Niedrigwasser am Rhein: Gefahr steigender Spritpreise und wirtschaftlicher Engpässe

Die Pegelstände am Rhein sinken – und mit ihnen wachsen Sorgen um kräftige Preisaufschläge an der Tankstelle.

heute 18:44 Uhr | 1 mal gelesen

Was passiert eigentlich, wenn ein Fluss wie der Rhein plötzlich zum Nadelöhr für die Logistik wird? Thilo Schaefer vom Institut der deutschen Wirtschaft in Köln spricht von einer handfesten Bedrohung für den Geldbeutel: Kaum sind die Wasserstände am Rhein kritisch niedrig, geraten Frachtschiffe in Bedrängnis. Dadurch komme es, so Schaefer im Gespräch mit dem 'Spiegel', zu Versorgungsengpässen bei Benzin und Diesel – das heizt die Preise an. Ein Déjà-vu: Bereits 2018 konnten auf den Literpreis schnell mal acht Cent aufgeschlagen werden, sobald Tankstellen um alternative Lieferwege ringen mussten. "Die Spritpreise dürften klettern, sobald das Niedrigwasser anhält. Das war damals so, das kann wieder passieren", erklärt Schaefer. Außerdem: Nicht nur Kraftstoffe, auch Rohstoffe für die Industrie hängen an diesem Fluss, der wie eine Schlagader durch Deutschland verläuft. Bleiben die Pegel niedrig, ist folglich der gesamte Wirtschaftsapparat in Mitleidenschaft gezogen – für das ohnehin fragile Wachstum keine angenehme Vorstellung. Bereits mit kleinen Störungen kann viel ins Rutschen geraten. Und, ehrlich gesagt, eine perfekte Lösung gibt’s auf die Schnelle wohl nicht – kurzfristige Alternativen wie Straßentransporte machen alles nur teurer. Am Ende bleibt eine ziemlich unbequeme Gewissheit: Wenn das Wasser fehlt, bleibt die Rechnung nicht nur sprichwörtlich hoch.

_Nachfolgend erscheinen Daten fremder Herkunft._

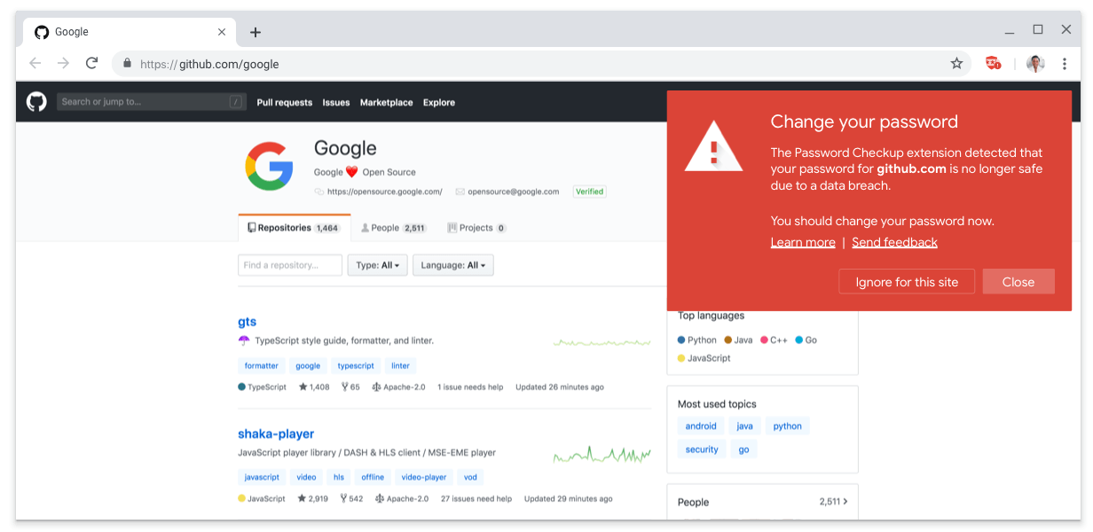 Il est à noter qu’une alerte émise par Google dans le cadre du Password Checkup n’est pas forcément le signe que votre compte est effectivement piraté, mais que les codes d’accès y menant sont dans la nature et qu’un tiers malveillant pourrait finir par les prendre et les exploiter. Dans tous les cas de figure, si une notification apparaît, il n’y a aucune question à se poser : le mot de passe doit être changé.

Experten warnen aktuell, dass anhaltendes Niedrigwasser im Rhein nicht nur ein Problem für die Binnenschifffahrt ist, sondern direkte Auswirkungen auf Energiepreise, Lieferketten und die breitere Wirtschaftslage in Deutschland hat. Die Preise für Benzin und Diesel steigen, sobald Tanklager nicht mehr ausreichend befüllt werden können, weil der Transport per Schiff ins Stocken gerät; Alternativen wie Lkw-Transporte oder Bahn sind kurzfristig meist teurer und nur begrenzt verfügbar. Inzwischen beobachten Logistikunternehmen, Mineralölhändler und auch die Industrie die Entwicklung mit Sorge, da sich die strukturelle Abhängigkeit vom Rhein in wirtschaftlich ohnehin unsicheren Zeiten schmerzhaft bemerkbar macht. Im Juni 2024 berichten zahlreiche Medien, dass es an mehreren Abschnitten des Rheins bereits zu deutlichen Einschränkungen beim Schiffsverkehr kommt, vor allem zwischen Süddeutschland und NRW. Fachleute weisen darauf hin, dass fehlende Regenfälle und ungewöhnlich hohe Temperaturen den Zustand weiter verschärfen – und ein nachhaltiges Konzept zur Sicherung alternativer Transportwege bislang fehlt.